Walken appeared in supporting roles in films such as The Anderson Tapes (1971), Next Stop, Greenwich Village (1976), Roseland (1977) and Annie Hall (1977), before coming to wider attention as the troubled Vietnam War veteran Nick Chevotarevich in The Deer Hunter (1978). His performance earned him an Academy Award for Best Supporting Actor. He was nominated for the same award for portraying con artist Frank Abagnale's father in Steven Spielberg's Catch Me If You Can (2002).

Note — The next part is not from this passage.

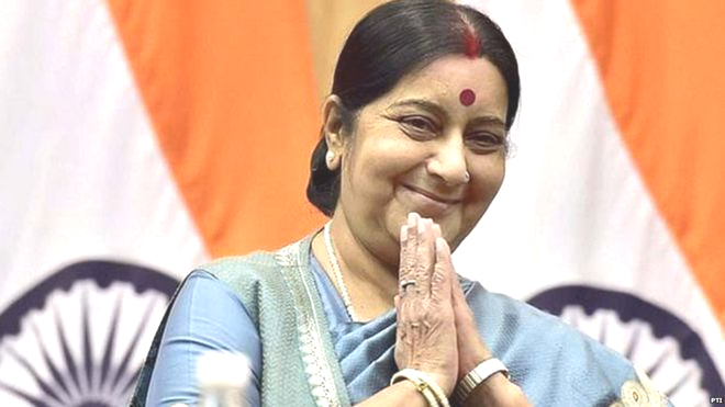 सुषमा को मोदी सरकार के पहले कार्यकाल की शुरुआत में ही विदेश मंत्री बनाया गया था। वह इंदिरा गाँधी के बाद विदेश मंत्रालय की ज़िम्मेदारी संभालने वाली दूसरी महिला रही हैं। प्रधानमंत्री रहते हुए इंदिरा गाँधी ने कुछ समय के लिए विदेश मंत्रालय का पदभार संभाला था।विदेश मंत्री के अपने पूरे कार्यकाल के दौरान लोगों की मदद करने के लिए प्रसिद्ध रहीं सुषमा ने सोशल मीडिया के माध्यम से विदेश मंत्रालय तक आम लोगों की पहुँच को आसान बनाया।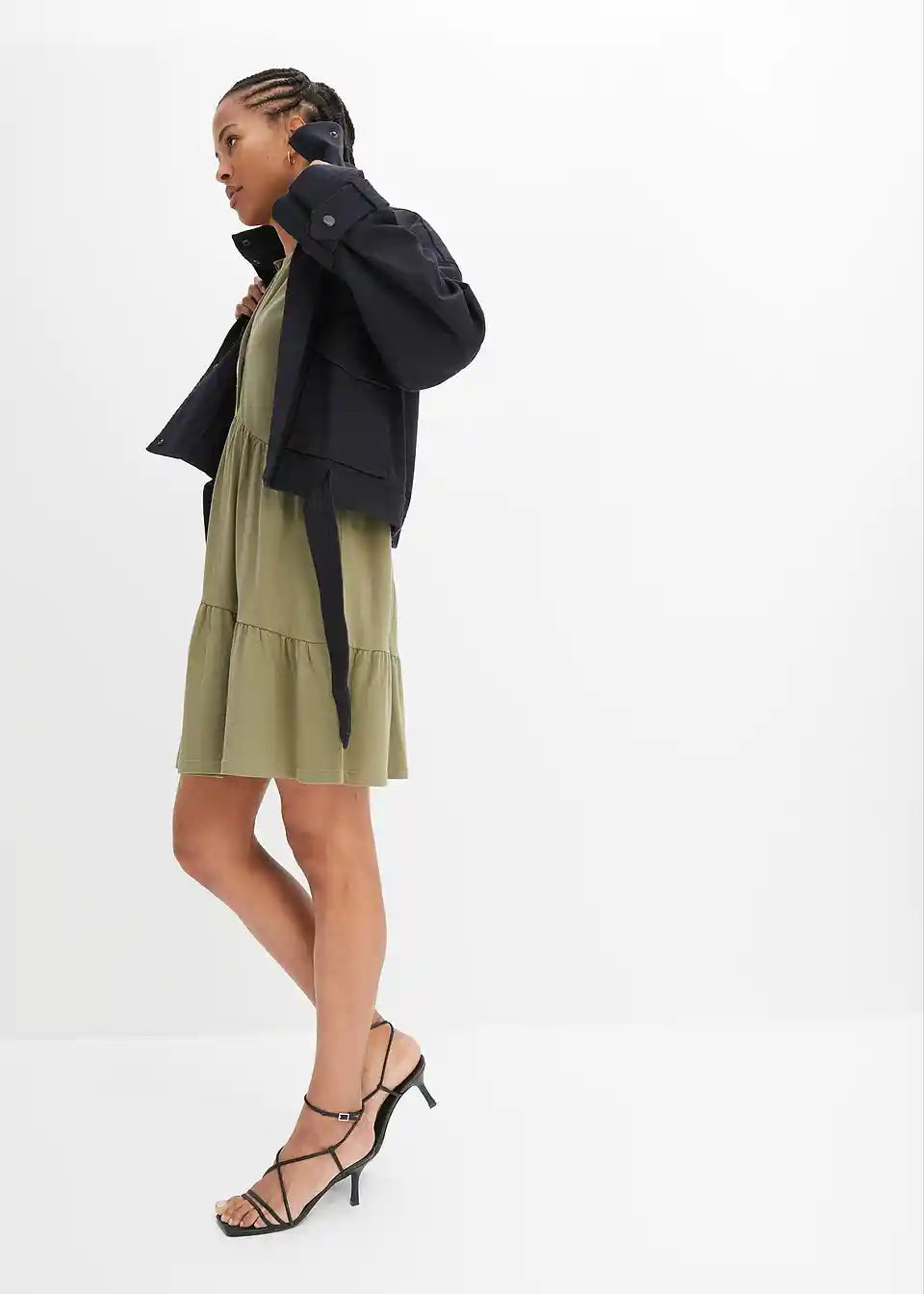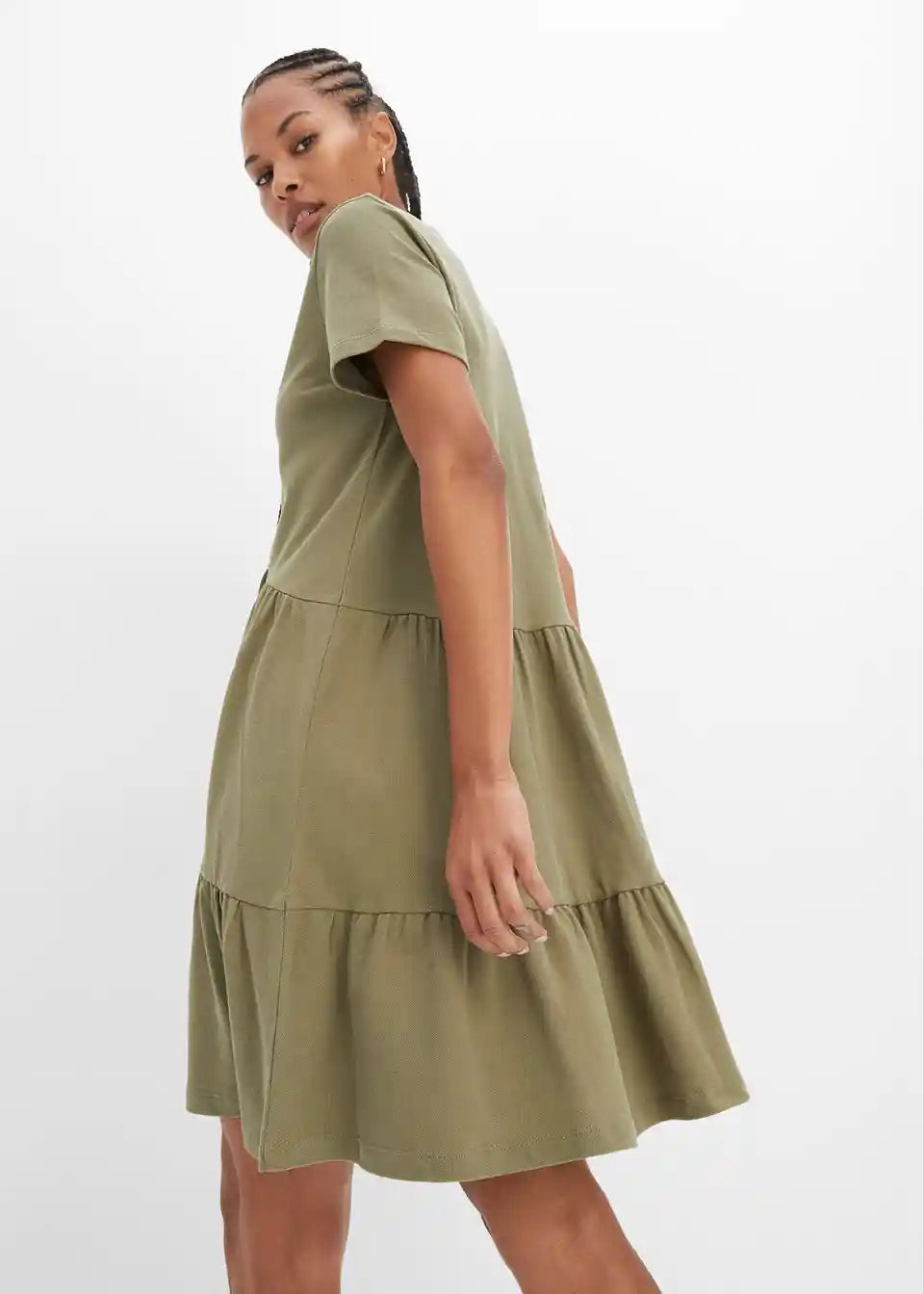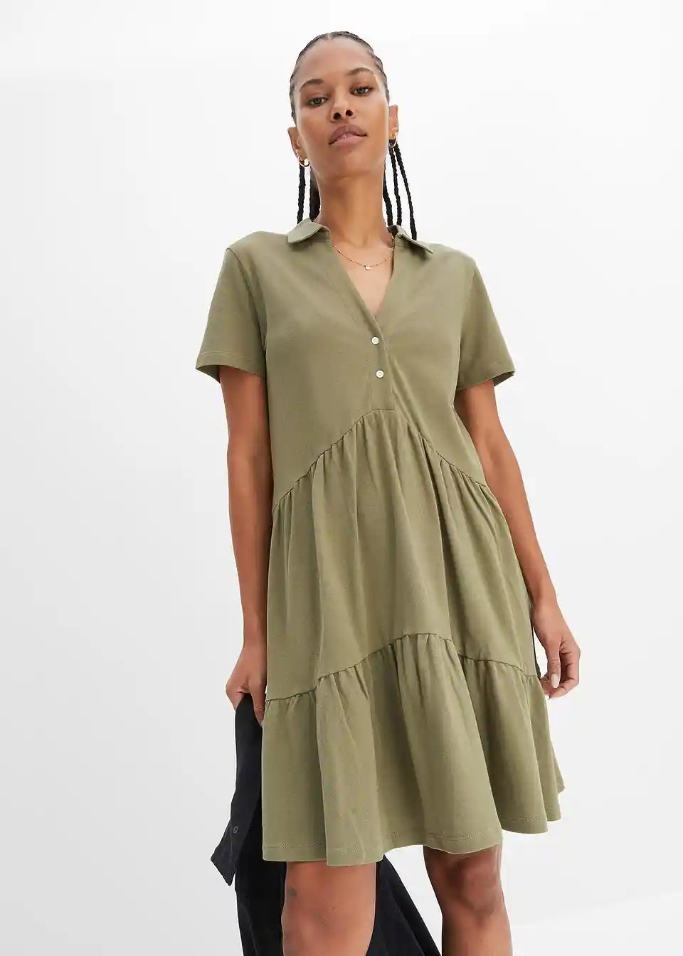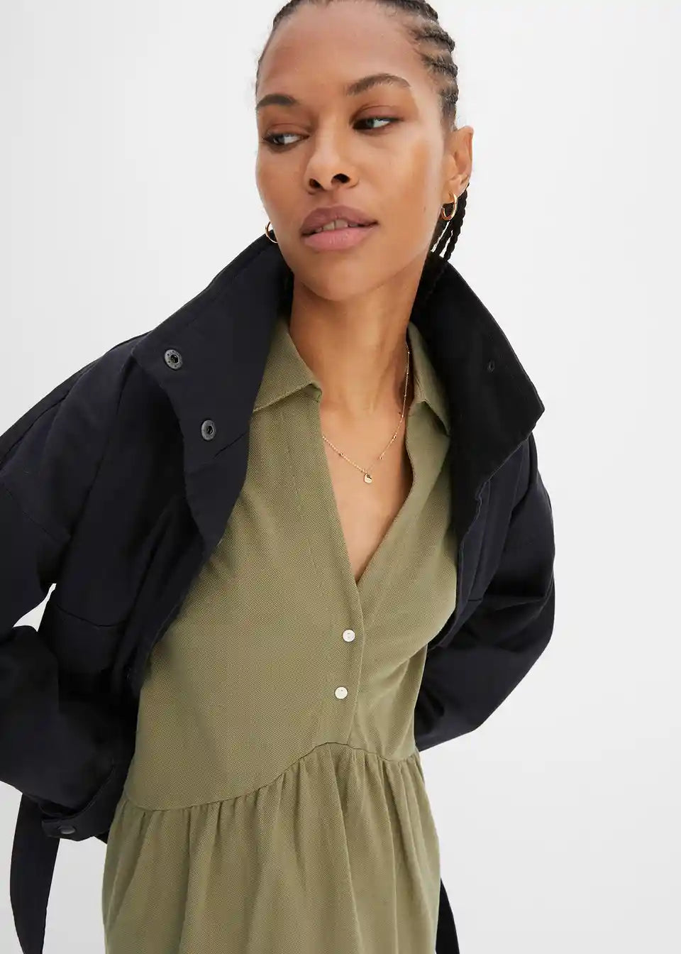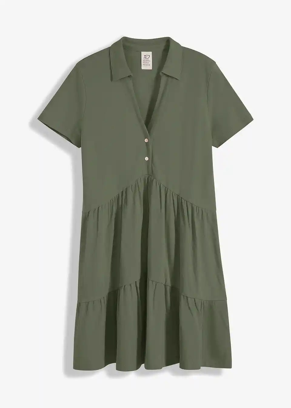 Obleka iz trikoja s polo ovratnikom in ekološkim bombažem

Since his breakthrough, Walken has appeared in films in various genres, both in lead and supporting roles. These include The Dogs of War (1980), Brainstorm (1983), The Dead Zone (1983), A View to a Kill (1985), At Close Range (1986), Biloxi Blues (1988), King of New York (1990), The Comfort of Strangers (1990), Communion (1989), Batman Returns (1992), True Romance (1993), Pulp Fiction (1994), The Prophecy (1995, and its two sequels), Suicide Kings (1997), Sleepy Hollow (1999), Man on Fire (2004), Wedding Crashers (2005), Hairspray (2007), Seven Psychopaths (2012), A Late Quartet (2012), Percy (2020), and Dune: Part Two (2024). He also provided voice work for the animated films Antz (1998) and The Jungle Book (2016).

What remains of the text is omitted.